This brings us to a commonly misunderstood concept in Kuhn’s epistemology of science, i.e., incommensurability. Incommensurability invites a twofold discussion about the way terms are used when placed in different theoretical contexts and about changes in worldview (Kuhn 2012; 1990). A classic example is the term “mass”; while the term appears both in the paradigm of classical mechanics and relativity theory, it connotes different meanings depending on the paradigm. But while some concepts can be translated from an older paradigm to the vocabulary of the new one, it is generally impossible to find a one-to-one correspondence between the terms of the old paradigm and the terms of the new one.

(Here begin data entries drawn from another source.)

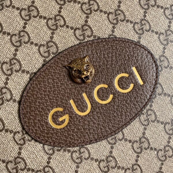 - Oval Gucci leather tag with feline head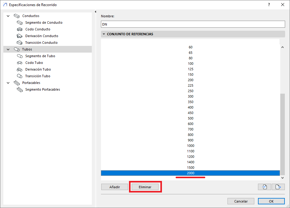 - Para eliminar una dimension existente en el Conjunto de Referencia, selecciona una dimension de referencia y pulsa Eliminar.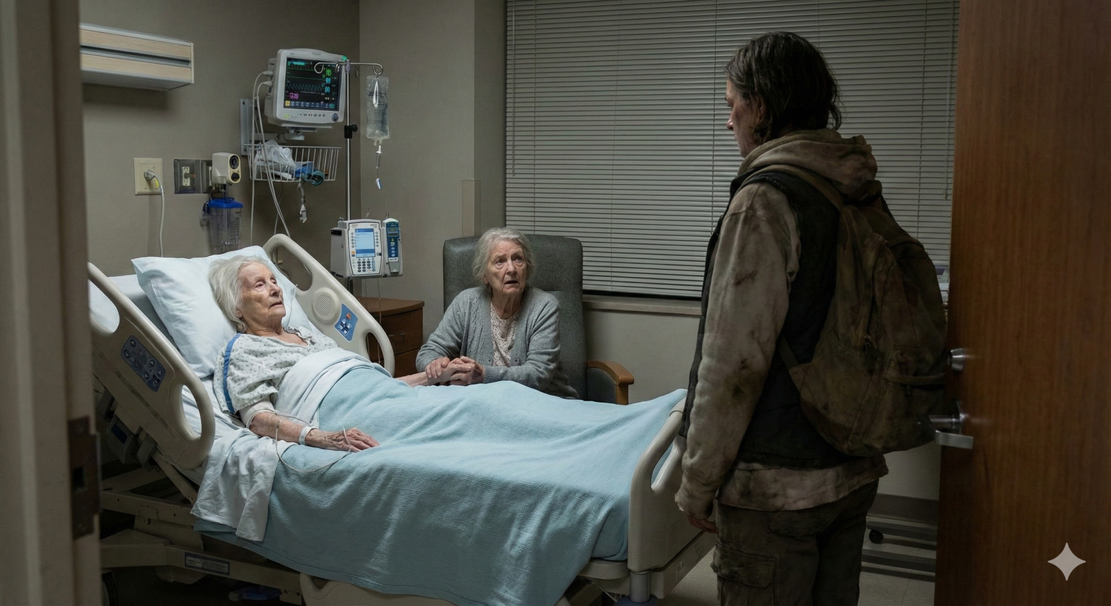 Cuando el vagabundo entró en la habitación, el olor a calle chocó contra el aroma a desinfectante. Pero Lucía, en un arranque de desesperación que ni ella misma entendía, detuvo al guardia de seguridad.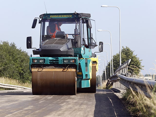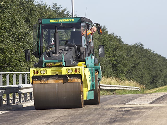 ‘Winterdag bezoek ik de bouwplaatsen van Dura Vermeer om keuringen uit te voeren. Ook mooi werk, maar ik ben toch altijd weer blij als ik weer met mijn Bomag BW154 tandemwals op pad kan. Ik heb me wel eens afgevraagd of ik niet wat anders moest gaan doen. Maar nee, mijn toekomst ligt in het asfalt.’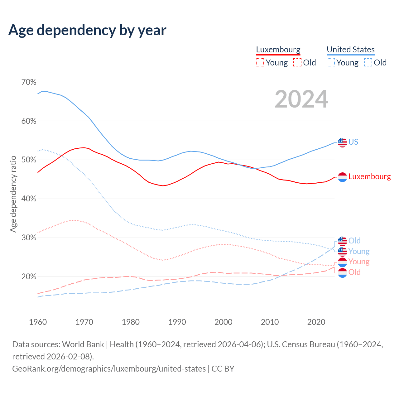 - Luxembourg is ranked 46/196 by median age (oldest to youngest) vs 50/196 for the United States.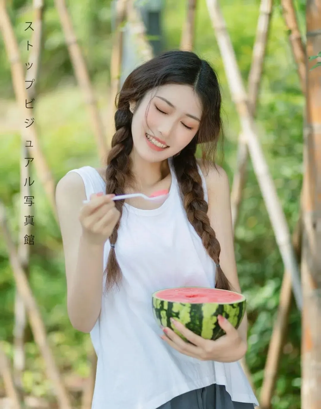 有道具的时候一定别浪费,像西瓜、小勺、饮料这种都很适合夏天。可以一只手抱着水果或者道具,另一只手轻轻抬起,低头看向手里的动作,眼睛不用看镜头。这样拍会让表情更放松,脸部不会紧绷,还会显得整个人特别温柔、很有夏日故事感。尤其是半身角度,特别容易拍出甜而不腻的氛围。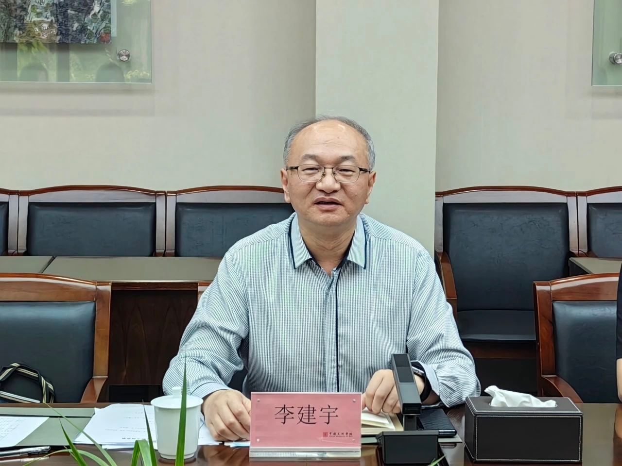 在中国美术学院交流座谈会上,双方介绍了各自学校的基本情况、发展历程和办学特色。李建宇表示,中国美术学院历史底蕴深厚、学科特色鲜明、科研成果斐然,作为研究型艺术大学始终站在时代的前沿。申报博士点是高质量发展的核心和办学层次的关键,我们要学习中国美术学院在学科特色凝练、师资队伍打造、科研平台建设、材料申报优化等方面的先进做法。同时,希望双方建立长效合作机制,把中国美术学院的成功经验转化为云艺行动,进一步深化两校在学科建设、科学研究、人才培养等领域合作,特别是加强在美术学科上的联合攻关,实现资源共享,优势互补。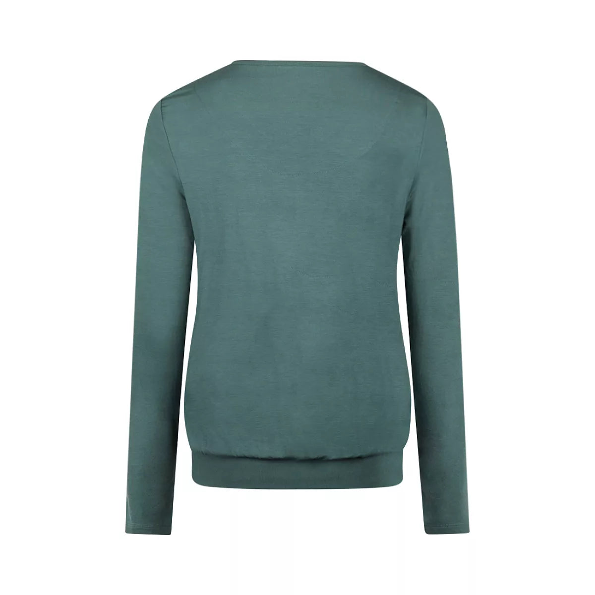 Dit effen shirt in een groenblauwe tint heeft lange mouwen en subtiele plooien bij de ronde hals.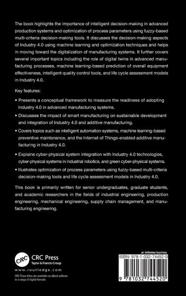 The book highlights the importance of intelligent decision-making in advanced production systems, and optimization of process parameters using fuzzy-based multi-criteria decision-making tools. It discusses the decision-making aspects of Industry 4.0 using machine learning and optimization techniques and helps in moving toward the digitalization of manufacturing systems. It further covers several important topics including the role of digital twins in advanced manufacturing processes, machine learning-based prediction of overall equipment effectiveness, intelligent quality control tools, and life cycle assessment models in Industry 4.0.

This semantic dependence on the theory implies that there is no common measure although a comparison remains possible (Kuhn 1990). In that sense, as AI safety continues to evolve, we may find that concepts such as agency or intelligence are incommensurable to what was used to describe artificially intelligent systems in the old AI paradigm. This will not suggest that there is no way to neutrally compare e.g., the concept of intelligence without anchoring it into a theoretical apparatus. It is also possible that some terms preserve their meanings despite the paradigm change (Kuhn 1990, 36).

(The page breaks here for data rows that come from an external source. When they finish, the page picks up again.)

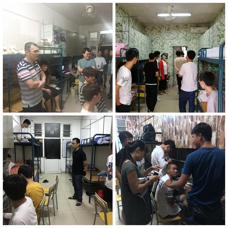 新生已完成报道注册,随着新生入住,宿舍也随着热闹起来。晚七点,党总支书记黄林毅带领新生班班主任、新生辅导员、代班深入新生宿舍,慰问和看望新生,了解新生到校情况及寝室生活条件,把关心和问候带给了每一位同学,提醒同学们要注意人身财产安全,杜绝出现任何安全事件。同时,勉励新同学要在班主任老师、新生辅导员的帮助下,迅速适应新角色,尽快融入到新的学习生活环境中来,树立明确的学习目标,坚持良好的学习习惯,真正学到技术技能,为将来走向社会创造自身价值,实现人生理想打下坚实基础。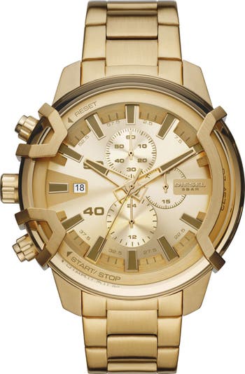 Brushed detailing brings subtle contrast to the dial of this golden bracelet watch outfitted with chronograph functionality.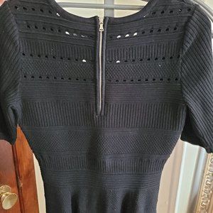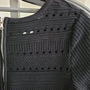 Beautiful sweater dress with cut out pattern at the top, bottom and sleeves of dress with zipper on back.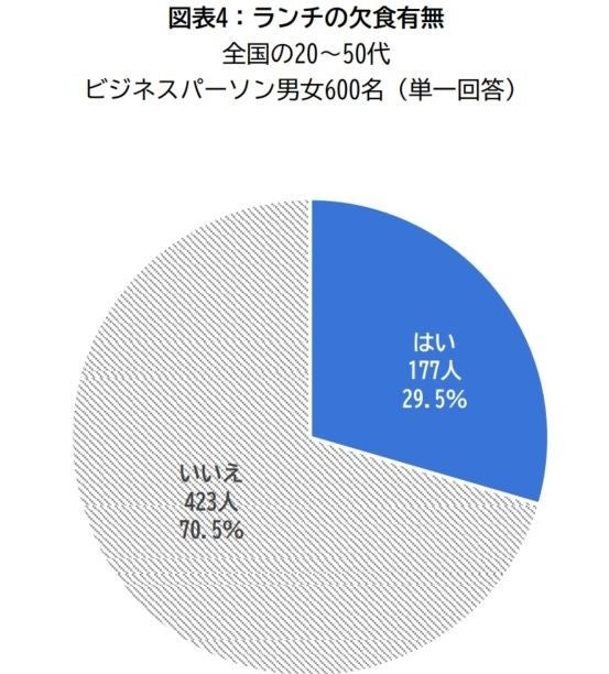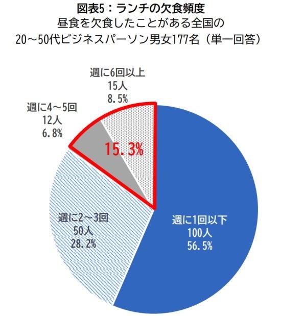 - 3人に1人が勤務日にランチを食べなかったことがある。約15%の人は週の半分以上ランチを食べていない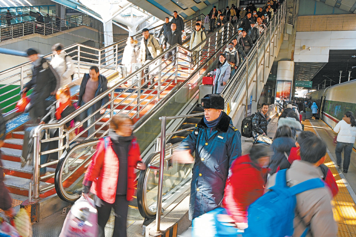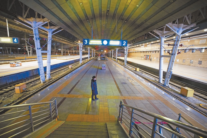 2月3日上午10点6分,从成都出发的D50次列车稳稳停靠在北京西站,车站的2站台一下子热闹了起来。客运值班员朱春生穿着整齐的铁路制服,耐心维持着出站秩序。“大家不要着急,带小孩的把孩子领好,注意脚下安全……”声音直抵涌动的人潮,铿锵有力。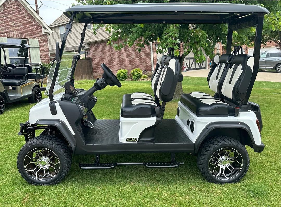 The 2024 Evolution Maverick Golf Cart 2+2 in white is competitively priced, with models starting around $8,990 to $9,995, depending on the dealer and included features. It’s available through authorized Evolution dealers and can be shipped nationwide.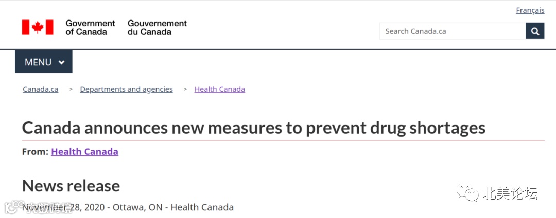 为此,声明说:“从11月27日开始,某些原本投放加拿大市场的药物将被禁止在加拿大以外地区销售,以免导致或加剧药物短缺。”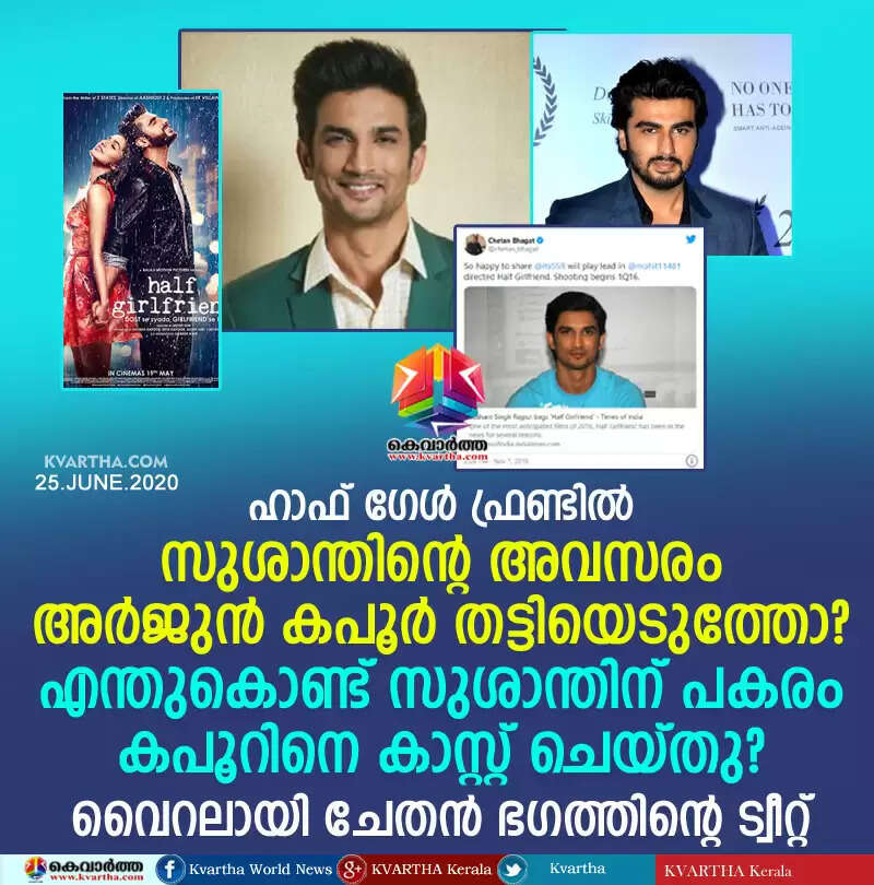 ഹാഫ് ഗേള് ഫ്രണ്ടില് സുശാന്തിന്റെ അവസരം അര്ജുന് കപൂര് തട്ടിയെടുത്തോ? എന്തുകൊണ്ട് സുശാന്തിന് പകരം കപൂറിനെ കാസ്റ്റ് ചെയ്തു? വൈറലായി ചേതന് ഭഗത്തിന്റെ ട്വീറ്റ്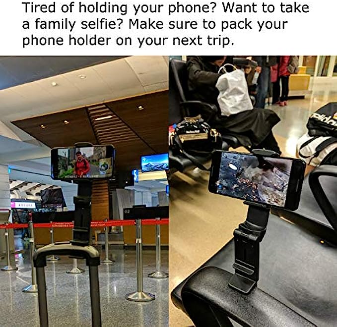 ✈️ Strong clamp to mount your phone to table, luggage handle, gym equipments or any objects up to 1.5 inch wide.

The change of scientific worldview is extensively discussed by Kuhn in the Structure and by Hanson in Patterns of Discovery with the proposal of theory-ladenness. Kuhn parallelizes the change of worldview to how we suddenly see different shapes in gestalt figures (Kuhn 2012, 114). The verb “see” here implies the automaticity of this change of perception, i.e., the scientist cannot control the shift of attention that has occurred. A typical example of this in the history of science is astronomy. Notably, while western Europeans started discovering planets the half century after the introduction of the Copernican paradigm, the Chinese were long aware of many more stars in the sky. This is because their cosmological paradigm offered a different model of celestial change.

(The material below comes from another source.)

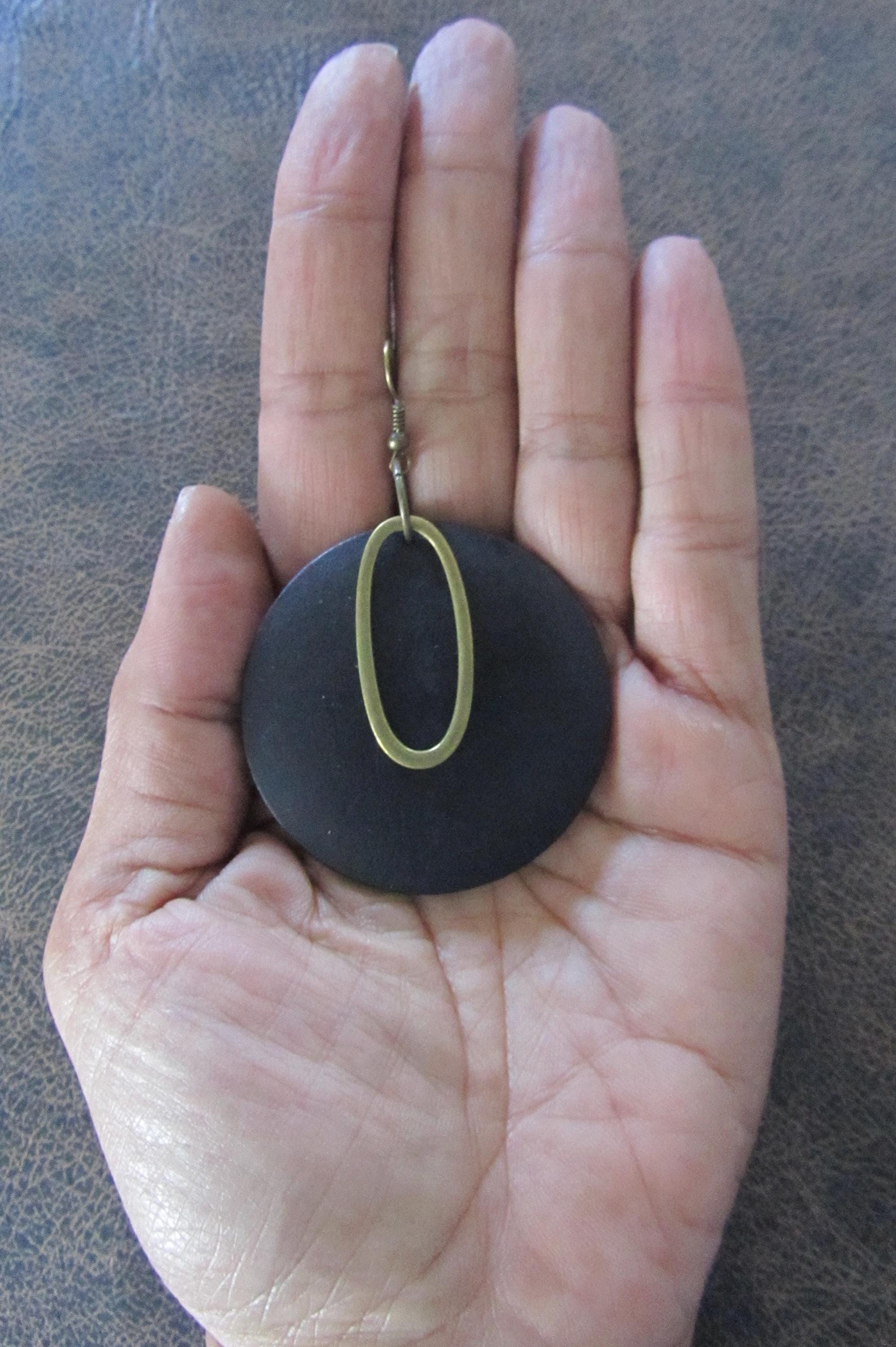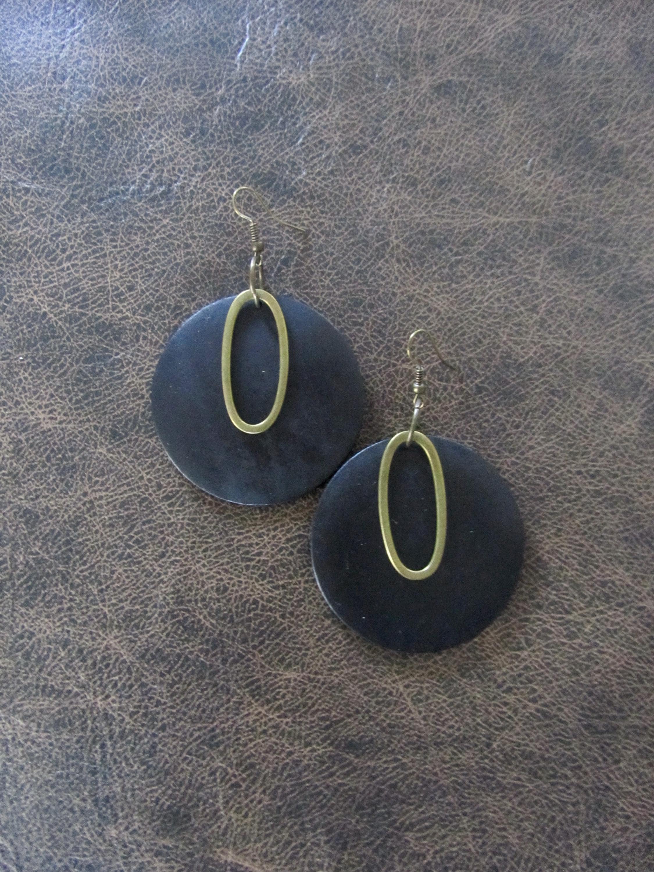 Simple wooden and bronze earrings on french hooks

Kuhn explains how he originally conceived the idea of belonging to a different paradigm. He describes sitting at his desk with Aristotle’s Physics open in front of him when “suddenly the fragments in my head sorted themselves out in a new way, and fell into place together […] for all at once Aristotle seemed a very good physicist indeed, but of a sort I’d never dreamed possible” (Kuhn 2014). From that point onwards, Kuhn would argue that scientists do not try to do the job of their predecessors simply in a better way than they did (Reisch 2016); they see a different world, they attend to different phenomena and features of reality. This leads to an asymmetry in that they operate within a completely unique context and thus construct different world models and provide different explanations.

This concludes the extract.